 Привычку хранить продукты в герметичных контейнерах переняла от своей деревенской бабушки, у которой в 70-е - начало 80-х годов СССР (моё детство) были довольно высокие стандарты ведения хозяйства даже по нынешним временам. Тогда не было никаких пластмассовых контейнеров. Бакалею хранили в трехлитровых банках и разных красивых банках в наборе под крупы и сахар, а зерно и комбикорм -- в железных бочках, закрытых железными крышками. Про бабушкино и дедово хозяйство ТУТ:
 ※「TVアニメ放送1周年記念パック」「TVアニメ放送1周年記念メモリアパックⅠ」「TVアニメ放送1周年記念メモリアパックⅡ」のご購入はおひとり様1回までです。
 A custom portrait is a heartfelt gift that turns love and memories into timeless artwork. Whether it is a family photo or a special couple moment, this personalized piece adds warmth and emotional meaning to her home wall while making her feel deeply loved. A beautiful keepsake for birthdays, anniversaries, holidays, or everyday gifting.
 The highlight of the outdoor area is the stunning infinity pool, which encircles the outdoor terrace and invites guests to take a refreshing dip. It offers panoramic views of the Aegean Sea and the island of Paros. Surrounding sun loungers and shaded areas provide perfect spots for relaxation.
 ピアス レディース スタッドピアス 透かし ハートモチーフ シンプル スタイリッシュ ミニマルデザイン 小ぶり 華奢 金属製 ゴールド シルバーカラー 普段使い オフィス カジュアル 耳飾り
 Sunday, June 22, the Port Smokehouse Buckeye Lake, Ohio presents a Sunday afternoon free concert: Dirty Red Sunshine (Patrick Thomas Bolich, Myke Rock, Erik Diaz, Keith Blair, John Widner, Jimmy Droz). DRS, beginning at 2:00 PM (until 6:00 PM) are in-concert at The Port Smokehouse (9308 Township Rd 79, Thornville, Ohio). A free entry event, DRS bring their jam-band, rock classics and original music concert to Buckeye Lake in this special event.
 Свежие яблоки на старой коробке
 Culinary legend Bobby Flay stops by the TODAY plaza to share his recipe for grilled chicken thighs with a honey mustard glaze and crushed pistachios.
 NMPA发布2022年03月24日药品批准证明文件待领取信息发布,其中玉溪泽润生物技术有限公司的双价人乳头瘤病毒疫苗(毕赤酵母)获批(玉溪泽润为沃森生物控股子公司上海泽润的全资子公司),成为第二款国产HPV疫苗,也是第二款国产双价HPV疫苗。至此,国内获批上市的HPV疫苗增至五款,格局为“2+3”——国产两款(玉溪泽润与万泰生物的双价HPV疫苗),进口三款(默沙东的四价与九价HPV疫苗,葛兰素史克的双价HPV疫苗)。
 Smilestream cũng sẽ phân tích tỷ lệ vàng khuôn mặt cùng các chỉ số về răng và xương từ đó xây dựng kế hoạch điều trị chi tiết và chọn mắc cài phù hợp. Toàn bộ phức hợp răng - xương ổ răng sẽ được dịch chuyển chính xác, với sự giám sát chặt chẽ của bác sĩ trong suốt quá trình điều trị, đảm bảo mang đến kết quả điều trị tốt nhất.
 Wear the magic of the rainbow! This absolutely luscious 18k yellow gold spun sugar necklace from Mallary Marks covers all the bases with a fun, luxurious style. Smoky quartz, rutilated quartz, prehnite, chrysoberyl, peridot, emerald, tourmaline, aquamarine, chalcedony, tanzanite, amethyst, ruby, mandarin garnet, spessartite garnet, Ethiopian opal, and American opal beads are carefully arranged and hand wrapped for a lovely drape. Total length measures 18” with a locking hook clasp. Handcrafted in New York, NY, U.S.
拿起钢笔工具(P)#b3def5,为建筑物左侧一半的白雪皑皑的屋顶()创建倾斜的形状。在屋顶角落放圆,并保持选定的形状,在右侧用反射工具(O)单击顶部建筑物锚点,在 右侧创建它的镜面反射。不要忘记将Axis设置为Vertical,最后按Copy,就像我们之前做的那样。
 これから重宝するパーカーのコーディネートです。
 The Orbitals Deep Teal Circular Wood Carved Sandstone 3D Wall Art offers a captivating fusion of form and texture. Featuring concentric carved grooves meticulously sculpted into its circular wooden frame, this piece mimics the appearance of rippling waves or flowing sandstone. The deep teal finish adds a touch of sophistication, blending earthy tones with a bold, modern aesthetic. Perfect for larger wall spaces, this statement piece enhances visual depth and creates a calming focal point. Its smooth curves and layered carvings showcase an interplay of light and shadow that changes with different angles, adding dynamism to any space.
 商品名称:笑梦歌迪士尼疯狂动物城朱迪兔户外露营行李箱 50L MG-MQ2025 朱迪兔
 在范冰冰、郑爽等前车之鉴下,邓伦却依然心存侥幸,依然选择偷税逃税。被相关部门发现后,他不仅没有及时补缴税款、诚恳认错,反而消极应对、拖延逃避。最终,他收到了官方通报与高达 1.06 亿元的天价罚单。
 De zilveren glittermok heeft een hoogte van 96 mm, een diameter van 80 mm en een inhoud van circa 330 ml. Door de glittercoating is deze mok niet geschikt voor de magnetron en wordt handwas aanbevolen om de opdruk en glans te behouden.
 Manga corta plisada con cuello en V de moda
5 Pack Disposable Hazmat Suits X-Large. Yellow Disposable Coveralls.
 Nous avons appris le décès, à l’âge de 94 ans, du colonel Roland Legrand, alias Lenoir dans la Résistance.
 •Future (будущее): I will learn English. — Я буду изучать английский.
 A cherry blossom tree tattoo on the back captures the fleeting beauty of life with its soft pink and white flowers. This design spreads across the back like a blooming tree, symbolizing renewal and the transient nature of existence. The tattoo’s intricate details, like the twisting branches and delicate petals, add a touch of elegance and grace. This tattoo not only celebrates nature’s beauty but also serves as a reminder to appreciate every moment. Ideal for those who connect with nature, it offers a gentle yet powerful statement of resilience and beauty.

- - - - -

## Work request:
Of the entries above, repeat exactly the lines from the line with "Nous avons appris" through the line with "буду изучать английский.", both of them included.

## Solution for this problem:
 Nous avons appris le décès, à l’âge de 94 ans, du colonel Roland Legrand, alias Lenoir dans la Résistance.
 •Future (будущее): I will learn English. — Я буду изучать английский.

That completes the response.